For instance, https://www.wikitree.com/wiki/Category:Unconnected_Notables_of_England can be genrated automatically.

All Unconnected notables in England

https://wikitree.sdms.si/default.htm?report=srch1&Query=unconnected+england+notables&MaxProfiles=5000&SortOrder=Default&PageSize=10

All Unconnected persons linked from wikidata in England

Or both in one list You have here 1300 unconnected notables. vs. 30 in the category.

https://wikitree.sdms.si/default.htm?report=srch1&Query=unconnected+england+isinwikidata+or+unconnected+england+notables&MaxProfiles=5000&SortOrder=Default&PageSize=10

Aleš, how do we find unlinked profiles in the reports?
Use unlinked instead of unconnected in search pattern.

9 Answers

+12 votes

I support this proposal. This would also help in the Category tree, as 266 categories could be removed.

We also have Special:Unconnected available that can help to identify all unconnected profiles, as well as those that we manage that are unconnected.

answered by Steven Harris G2G6 Pilot (170k points)
When I want to look for unconnected profiles, I still use Special:Unconnected instead of either the categories or Ales' database. Special: Unconnected gets updated every 24 hours without any special intervention, so I don't see a need for the other features.
+10 votes
I think this is a great idea.
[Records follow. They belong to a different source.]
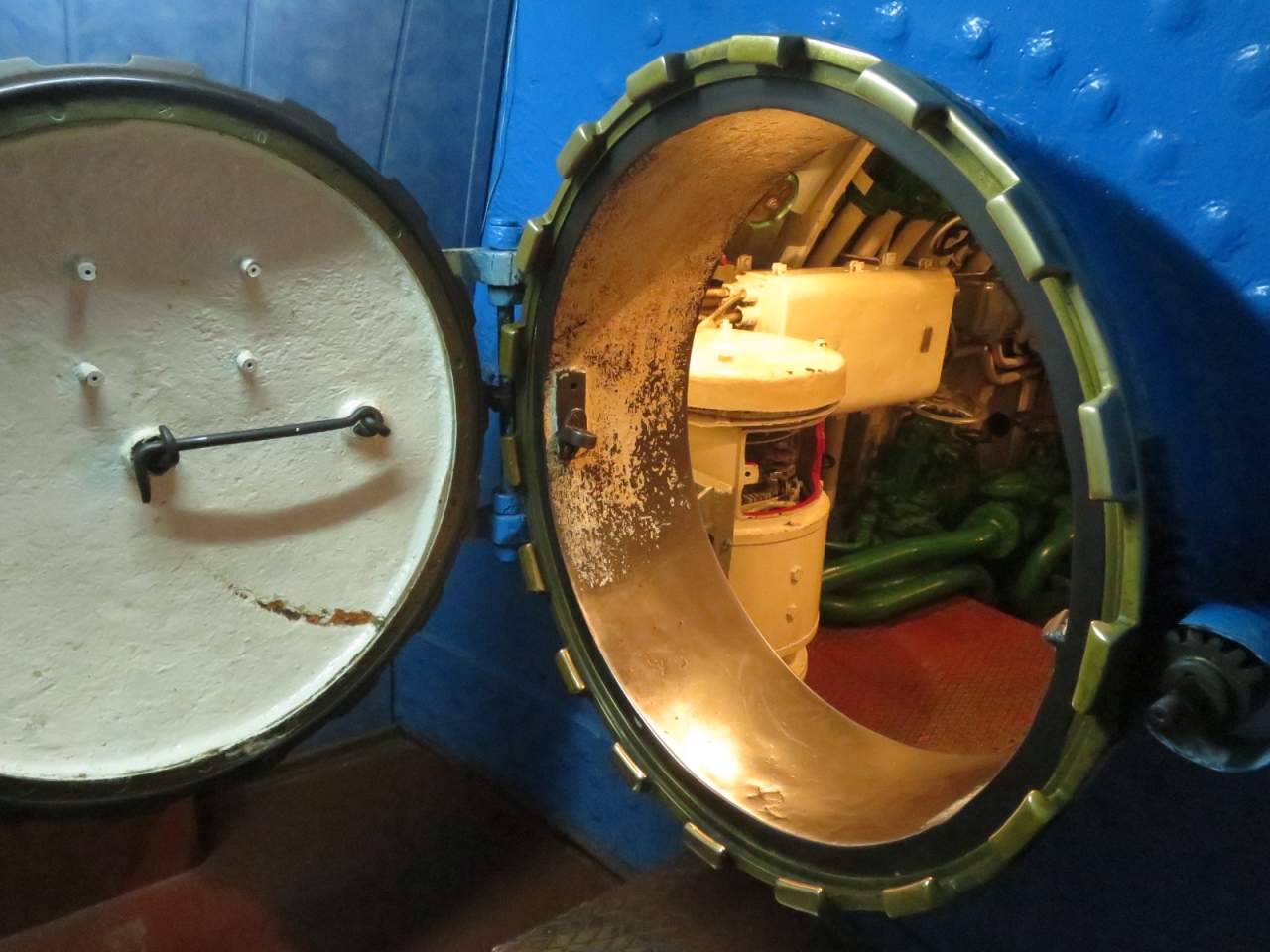 士官室のゆったりとした空間とは裏腹に、船員の休憩室は頭上やすぐ隣に魚雷があるなど、興味深いものでした。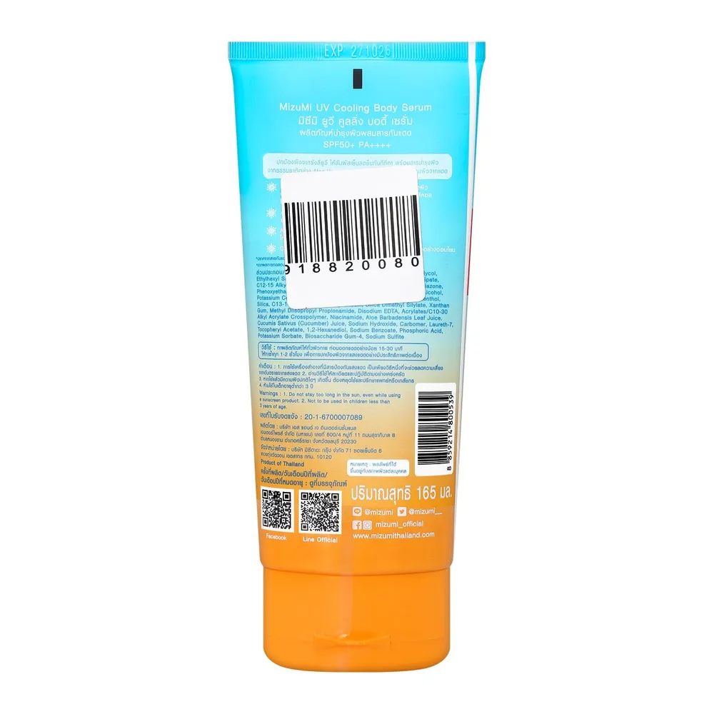 มิซึมิ&nbsp;ยูวี คูลลิ่ง บอดี้ เซรั่ม SPF50+ PA+++ ปกป้องผิวจากรังสียูวี ให้สัมผัสเย็นสดชื่นทันทีที่ทา พร้อมสารบำรุงผิวจากธรรมชาติ ซึมซาบเร็ว และไม่เหนียวเหนอะหนะ ช่วยปกป้องผิวจากรังสี UVA/UVB ด้วยคุณประโยชน์ของสารสกัดจากว่านหางจระเข้และแตงกวา<br />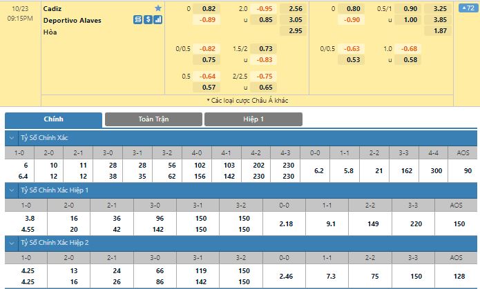 Bảng tỷ lệ kèo trực tuyến trận đấu Cadiz vs Alaves:
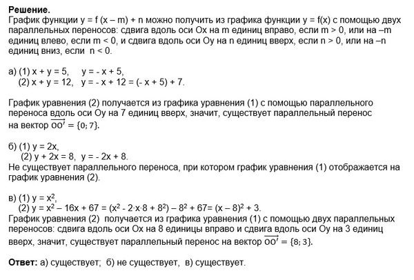 Существует ли параллельный перенос вектора ОО', где О - начало координат, при котором график уравнения (1) отображается на график уравнения (2):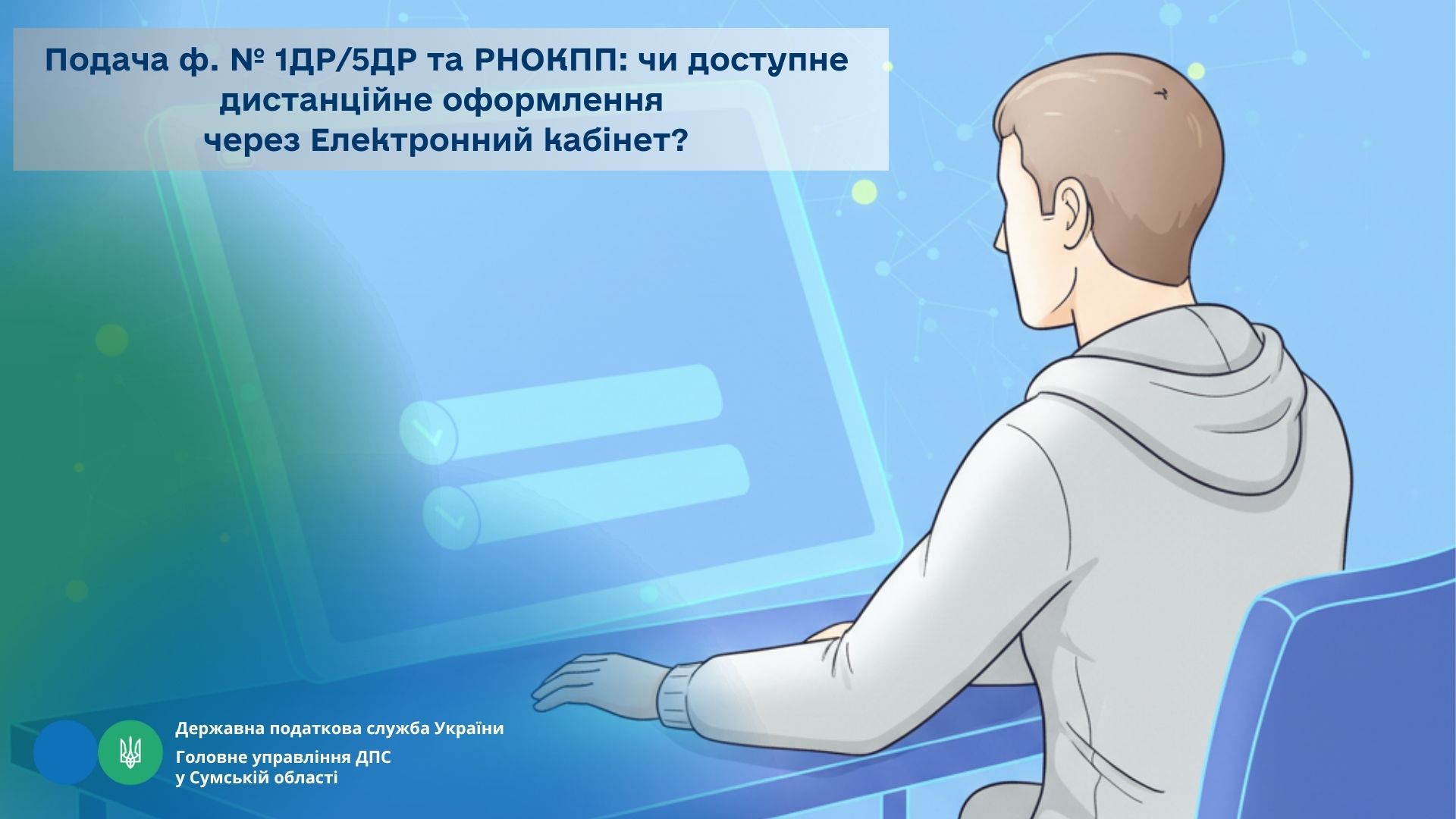 В електронній формі Облікова картка за ф. № 1ДР подається через розділ «Облікова картка фізичної особи (1ДР)», Заява за ф. № 5ДР через розділ «Заява про внесення змін до ДРФО (5ДР)» меню «ЕК для громадян» приватної частини Електронного кабінету.

When automation is possible it can be quite helpful.
answered by Doug McCallum G2G6 Pilot (261k points)
+3 votes
This is an excellent proposal.
answered by Deb Durham G2G6 Pilot (725k points)
+7 votes
I absolutely agree with using EditBot to remove the Unconnected categories once a profile is connected.

I am much less happy with the idea of doing away with the unconnected categories entirely. I use them constantly in the course of my work, and, while the reports are great, they aren't quite as easy to work through.
answered by Greg Slade G2G6 Pilot (194k points)

To unpack my objections to removing the unconnected categories a little bit, there are several factors which go into my thinking:

First, the unconnected categories were created by connectors, for use by connectors, trying to make it easier to identify individuals who still need to be connected to the main tree. They're broken down geographically, because some people tend to work on connecting (or sourcing, or improving profiles in other ways) in on specific location, frequently because they have expertise and access to sources in that location that they don't have elsewhere.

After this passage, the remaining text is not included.